When she lived in Houston from 1995 to 1997, she worked with artist Rick Lowe on Project Row Houses in the city’s largely Black Third Ward. The result of this intensive introduction to American racial politics were works such as “Eye-I-ing These Armorial Bearings” (1989-97), in which the arms of the righteous Durga are made from a sensitive and finely rendered depiction of Lowe’s upside down Sprout head. This image appears alongside stereotypical black figures from European medieval manuscripts, a move intended to highlight the anti-blackness that is anchored in our most revered art-historical traditions.

As her career exploded, particularly after moving to New York City in 1997 when she became a major figure for curators interested in multiculturalism and “global” contemporary art, Sikander was haunted by the assumption that as an artist and Muslim woman, she was “liberated” by moving to the West. After September 11, 2001, due in part to the ubiquitous Islamophobia that accompanied American military interventions in Iraq and Afghanistan, their work became more explicitly political: less beautiful in some ways, but in their opposition to the hardening nationalism that was prevalent around the world World emerged, solidifying.

“No Fly Zone” (2002) is based on a work by the Safavid dynasty entitled “The Ascension of King Solomon to Heaven”. In Sikander’s version, the wise king – an important figure in Judaism, Christianity and Islam – disappears from his seat of power, which rises unoccupied on heavenly clouds.
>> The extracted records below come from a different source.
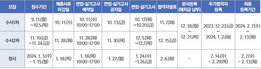 ㄱ) 수시1차 : 2023. 09. 11(월) ~ 2023. 10. 05(목)
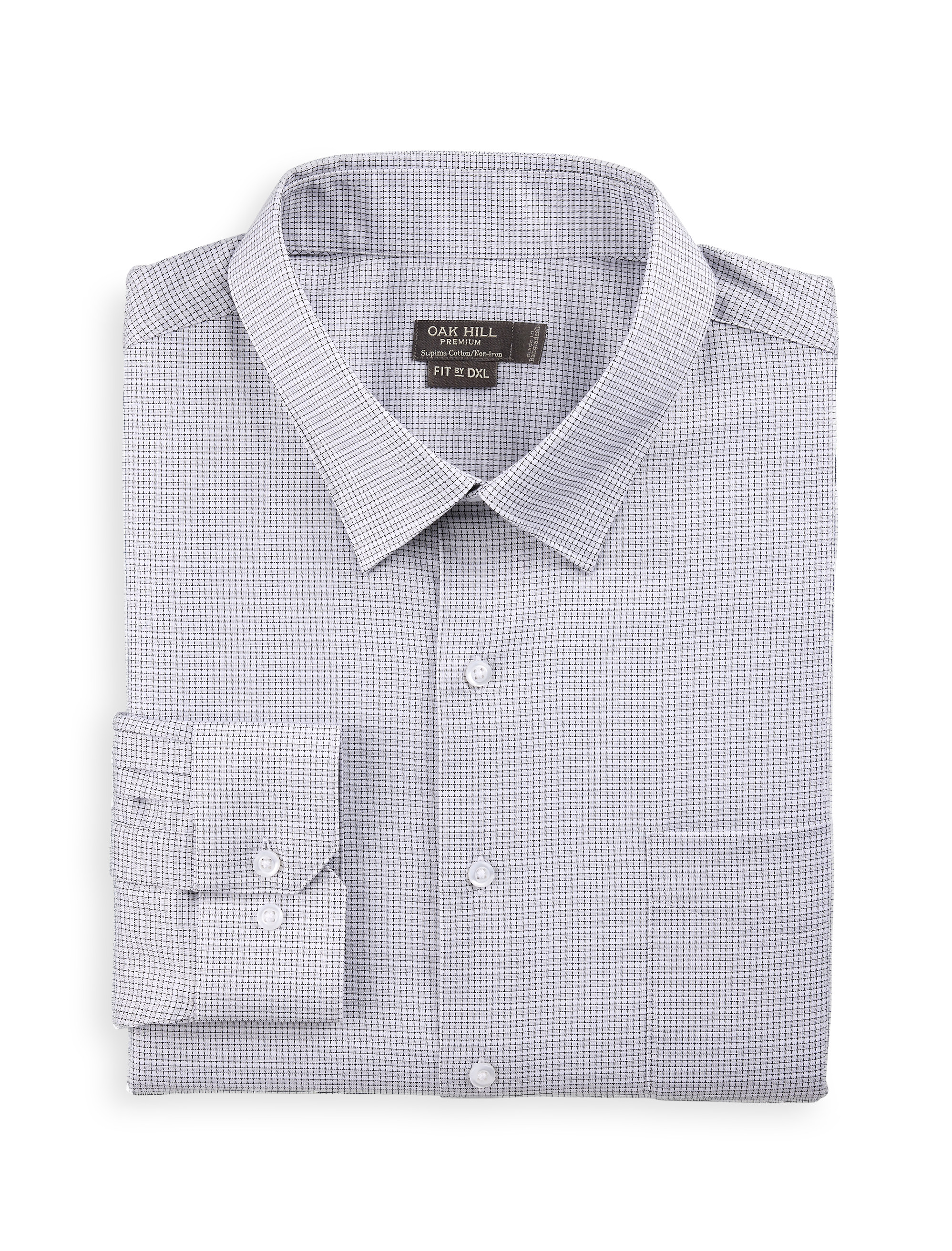 Treat yourself to unparalleled luxury with this Oak Hill Premium dress shirts. Crafted in an American-grown Supima cotton blend, it offers unmatched softness and durability. Non-iron convenience streamlines your routine, while the unbreakable buttons ensure longevity. Designed at DXL with precise proportions and an ideal fit for Big and Tall guys, it resists pilling and keeps it color wash after wash for longer wear. In a fresh-for-the-season color palette, it keeps you looking polished all day and the collar stretches up to an extra ½" for added comfort.
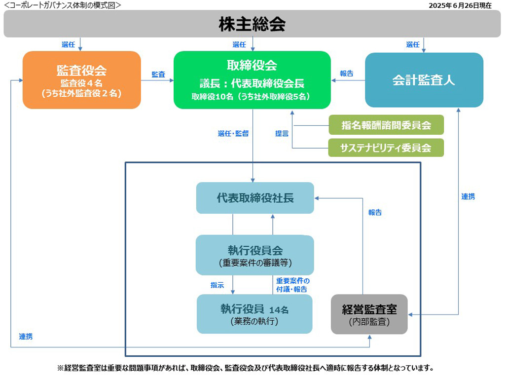 <コーポレートガバナンス体制の様式図>2025年6月26日現在
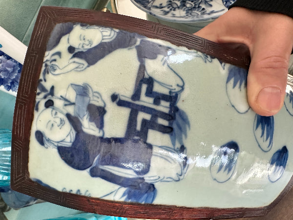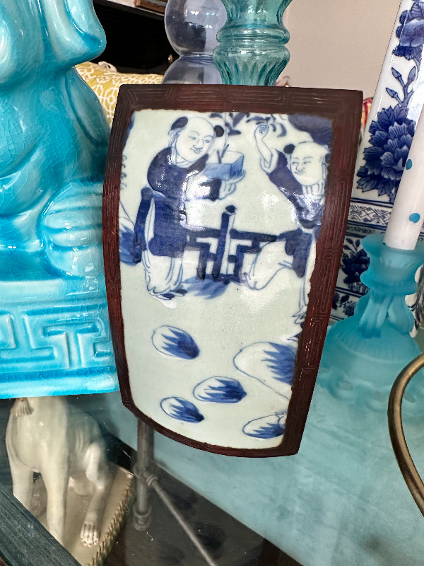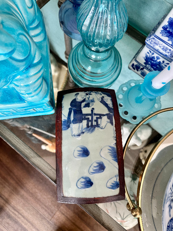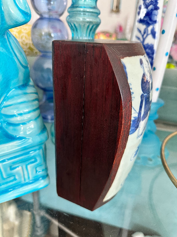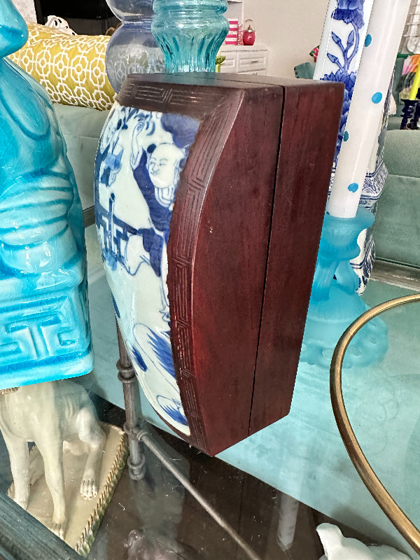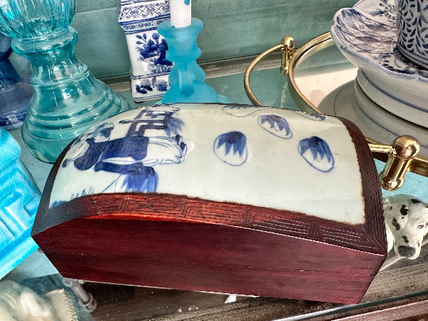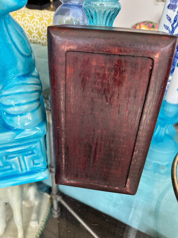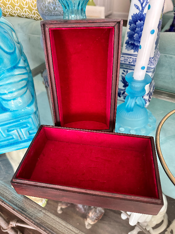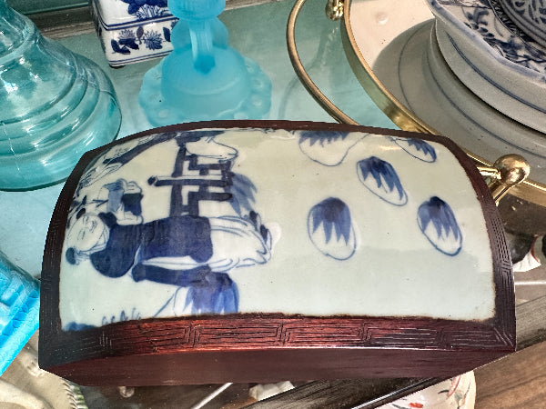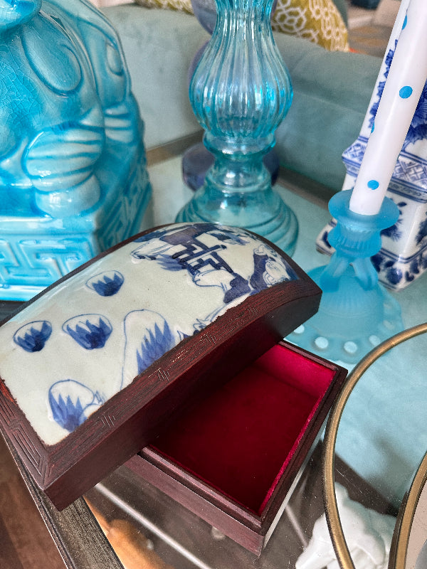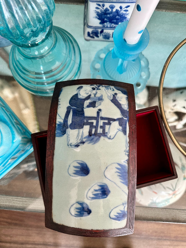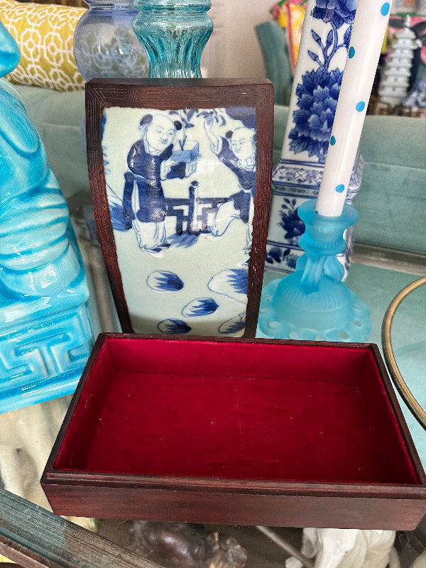 Chard boxes are highly collected because they come in all shapes, colors and sizes. This beautiful box shows it's age in the gorgeous antique wood. The red velvet lining makes it a perfect place to store your jewelry or other valuables. This is a nice, generous sized box with a blue and white chard. The chard depicts 2 Asian men in a garden. Pristine condition and ready to use or display.

The throne is now surrounded not by a crowd of servants, but by angels with striped wings, striped in red, white and blue, misshapen, monstrous beings and fighter jets. An image of excitement and joy turns into an image of chaos and threat dominated by American aggression.

At the same time, she continued her mission to duplicate and complicate depictions of South Asian and Muslim femininity. In “Ready to Leave” (1997) she superimposed the image of the Greek mythological eagle-lion, the griffin, with a chalawa, a Punjabi word for poltergeist, which in folklore has small farm animals. In a recent email, she stated that she identified with the creature – “someone who is so quick and impregnable that no one can grab or pin her” – as part of her determination to withstand the categories that are constantly imposed on her : “Are you Muslim, Pakistani, artist, painter, Asian, Asian / American or what?” The answer is clearly yes – all of this and an endless number of other things.